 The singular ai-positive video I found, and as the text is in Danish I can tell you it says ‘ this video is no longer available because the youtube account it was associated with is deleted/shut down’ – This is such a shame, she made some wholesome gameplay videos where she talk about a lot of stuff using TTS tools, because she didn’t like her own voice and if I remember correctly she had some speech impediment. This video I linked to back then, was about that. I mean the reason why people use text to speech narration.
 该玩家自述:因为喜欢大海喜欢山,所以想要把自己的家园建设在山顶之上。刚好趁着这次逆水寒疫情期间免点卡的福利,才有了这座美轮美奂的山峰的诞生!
#####
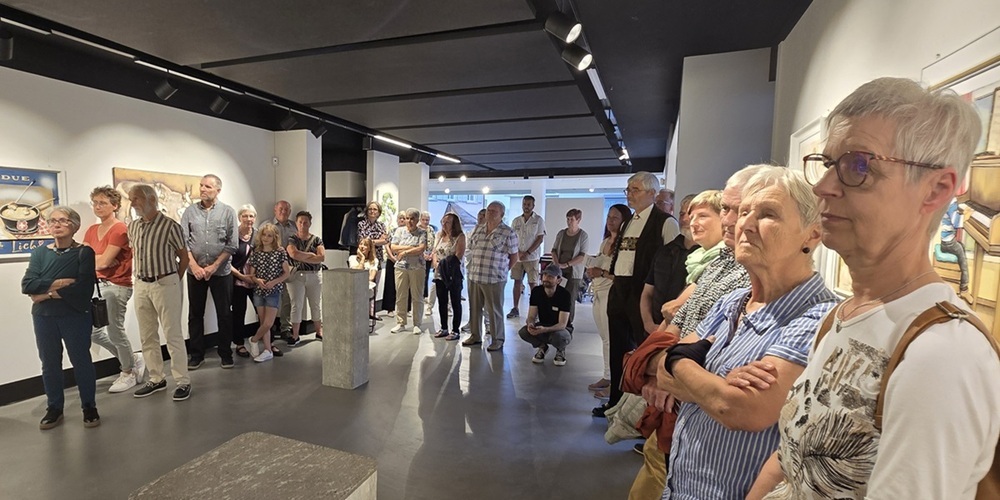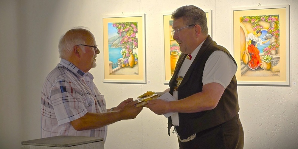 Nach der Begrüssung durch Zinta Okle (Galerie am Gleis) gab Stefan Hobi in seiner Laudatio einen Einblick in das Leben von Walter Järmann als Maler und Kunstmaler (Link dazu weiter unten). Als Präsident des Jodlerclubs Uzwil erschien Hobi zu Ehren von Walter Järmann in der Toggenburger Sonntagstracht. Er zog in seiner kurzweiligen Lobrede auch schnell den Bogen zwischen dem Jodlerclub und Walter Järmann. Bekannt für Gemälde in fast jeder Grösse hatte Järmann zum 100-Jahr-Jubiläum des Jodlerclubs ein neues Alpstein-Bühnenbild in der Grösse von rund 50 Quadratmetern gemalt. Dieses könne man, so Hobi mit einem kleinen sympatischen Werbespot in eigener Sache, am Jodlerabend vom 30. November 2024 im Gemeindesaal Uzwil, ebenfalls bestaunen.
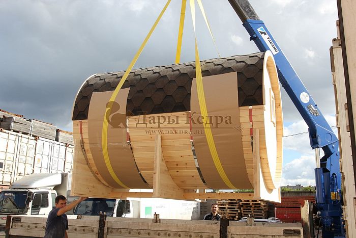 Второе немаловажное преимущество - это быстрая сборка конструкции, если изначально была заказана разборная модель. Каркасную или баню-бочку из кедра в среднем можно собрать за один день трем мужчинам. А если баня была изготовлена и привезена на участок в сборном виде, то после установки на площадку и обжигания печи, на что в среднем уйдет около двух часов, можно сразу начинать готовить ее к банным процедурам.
#####
▶ **INSTRUCTIONS FOR THE TASK**
Nothing but the lines above from the one containing "The singular ai-positive" through the one containing "该玩家自述:因为喜欢大海喜欢" should appear in the answer, each repeated exactly.

▶ **THE ANSWER**
 The singular ai-positive video I found, and as the text is in Danish I can tell you it says ‘ this video is no longer available because the youtube account it was associated with is deleted/shut down’ – This is such a shame, she made some wholesome gameplay videos where she talk about a lot of stuff using TTS tools, because she didn’t like her own voice and if I remember correctly she had some speech impediment. This video I linked to back then, was about that. I mean the reason why people use text to speech narration.
 该玩家自述:因为喜欢大海喜欢山,所以想要把自己的家园建设在山顶之上。刚好趁着这次逆水寒疫情期间免点卡的福利,才有了这座美轮美奂的山峰的诞生!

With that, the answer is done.